▶ [EXERCISE INPUTS]
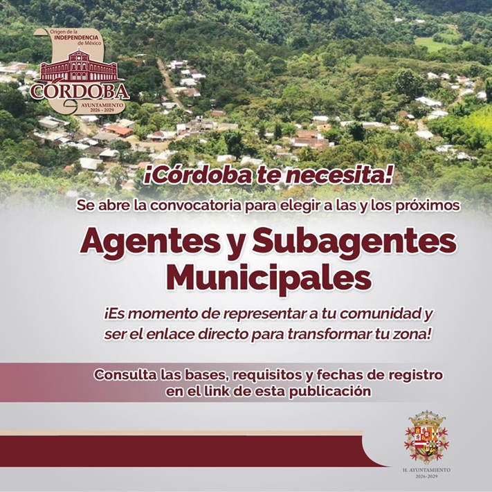 Córdoba, Ver. – El Ayuntamiento de Córdoba ha publicado la convocatoria oficial para la elección de Agentes y Subagentes municipales para el período 2026-30; se trata de un ejercicio que fortalece la democracia en las comunidades, por lo que las y los ciudadanos interesados tendrán del 02 al 06 de marzo para registrar sus respectivas candidaturas.
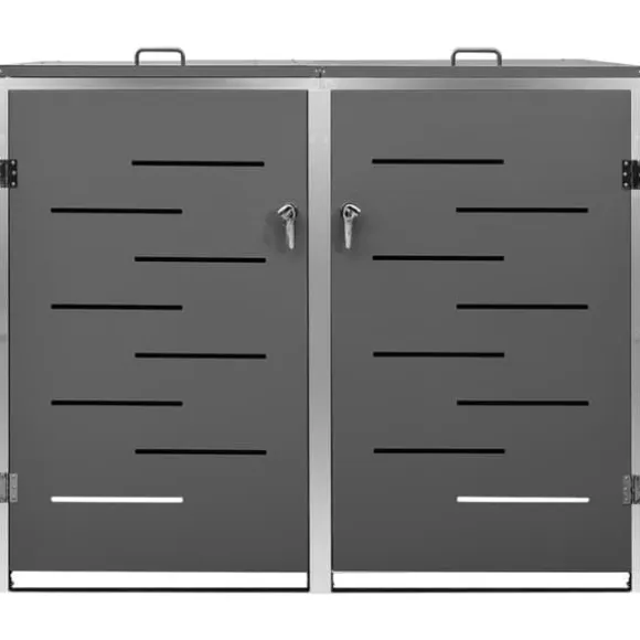 Sopskjulet är tillverkat av galvaniserade stålpaneler och en ram av rostfritt stål, vilket gör det mycket robust och rostbeständigt. Den ihåliga designen släpper in luft och förhindrar otrevliga lukter, medan låset säkerställer säker förvaring av soporna. Dessutom gör det praktiska locket och fjädrarna det enkelt att ta ut och sätta in sopkärlet.
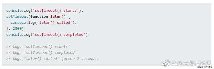 later() 是一個異步回調,因為 setTimeout(later`,`2000) 啓動並完成了執行,但是 later() 在 2 秒後執行。
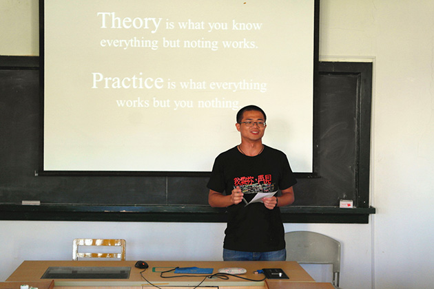 李逸斯学长则以“Theory is what you know everything but nothing works;practice is what everything works but you know nothing”两句话总结了其考博的感悟。学长首先向我们分享了其为什么选择考博以及考博可能带来的优势,紧接着学长提醒我们考博要提前做好前期的准备工作——要提前准备好英语成绩以及联系导师。学长认为考博的路程无疑很艰辛,要做好时间的统筹安排以及坚守底线做好取舍。
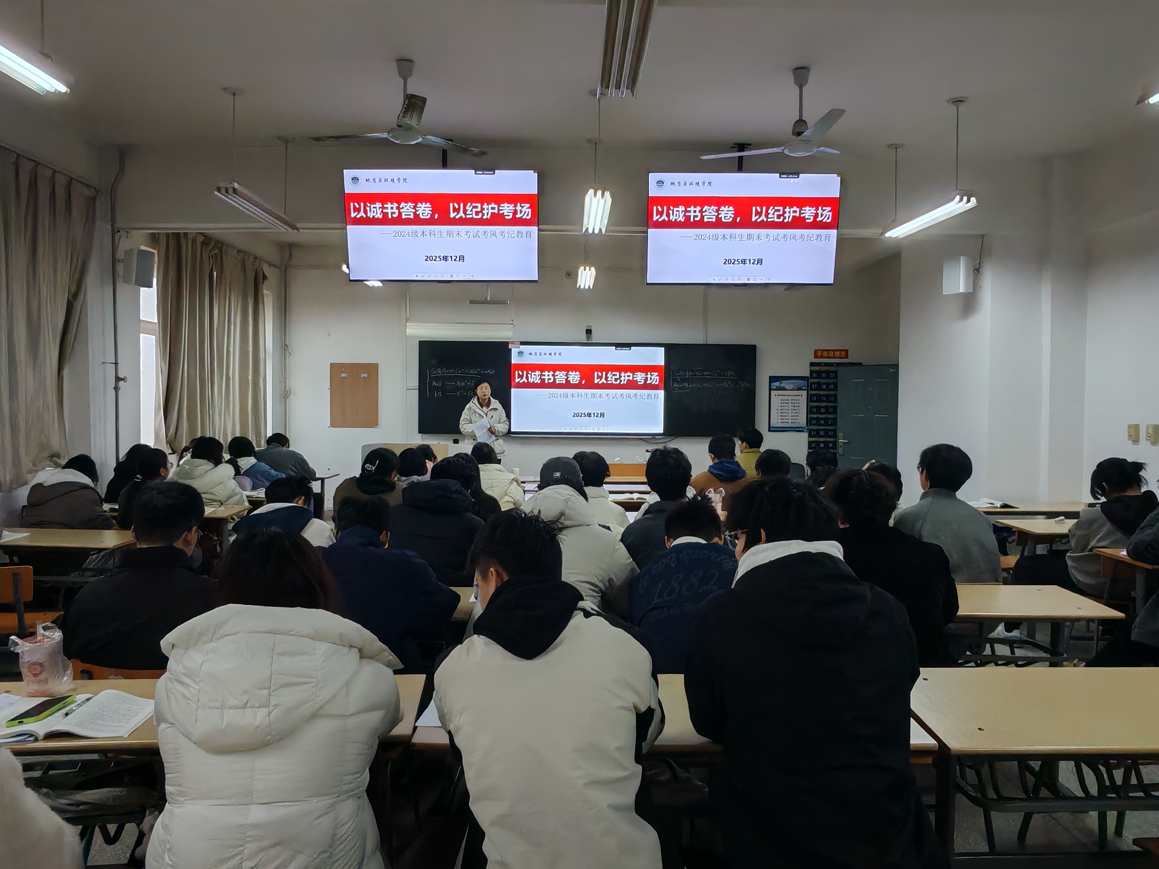 为严肃期末考试纪律,引导2024级本科生树立诚信应考意识,从容备战期末考试。12月15日至19日,学院学工办主任、2024级本科生辅导员李琳分批次在1号、3号、11号教学楼,为学院2024级9个本科班学生开展期末考风考纪专题教育。
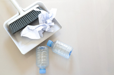 A set for cleaning windows. Hand in a blue glove. Cleaning tools and equipment.

▶ [THE PROBLEM]
Please repeat the listing precisely, excluding the pictures it contains.

▶ [RESPONSE TO THE TASK]
 Córdoba, Ver. – El Ayuntamiento de Córdoba ha publicado la convocatoria oficial para la elección de Agentes y Subagentes municipales para el período 2026-30; se trata de un ejercicio que fortalece la democracia en las comunidades, por lo que las y los ciudadanos interesados tendrán del 02 al 06 de marzo para registrar sus respectivas candidaturas.
 Sopskjulet är tillverkat av galvaniserade stålpaneler och en ram av rostfritt stål, vilket gör det mycket robust och rostbeständigt. Den ihåliga designen släpper in luft och förhindrar otrevliga lukter, medan låset säkerställer säker förvaring av soporna. Dessutom gör det praktiska locket och fjädrarna det enkelt att ta ut och sätta in sopkärlet.
 later() 是一個異步回調,因為 setTimeout(later`,`2000) 啓動並完成了執行,但是 later() 在 2 秒後執行。
 李逸斯学长则以“Theory is what you know everything but nothing works;practice is what everything works but you know nothing”两句话总结了其考博的感悟。学长首先向我们分享了其为什么选择考博以及考博可能带来的优势,紧接着学长提醒我们考博要提前做好前期的准备工作——要提前准备好英语成绩以及联系导师。学长认为考博的路程无疑很艰辛,要做好时间的统筹安排以及坚守底线做好取舍。
 为严肃期末考试纪律,引导2024级本科生树立诚信应考意识,从容备战期末考试。12月15日至19日,学院学工办主任、2024级本科生辅导员李琳分批次在1号、3号、11号教学楼,为学院2024级9个本科班学生开展期末考风考纪专题教育。
 A set for cleaning windows. Hand in a blue glove. Cleaning tools and equipment.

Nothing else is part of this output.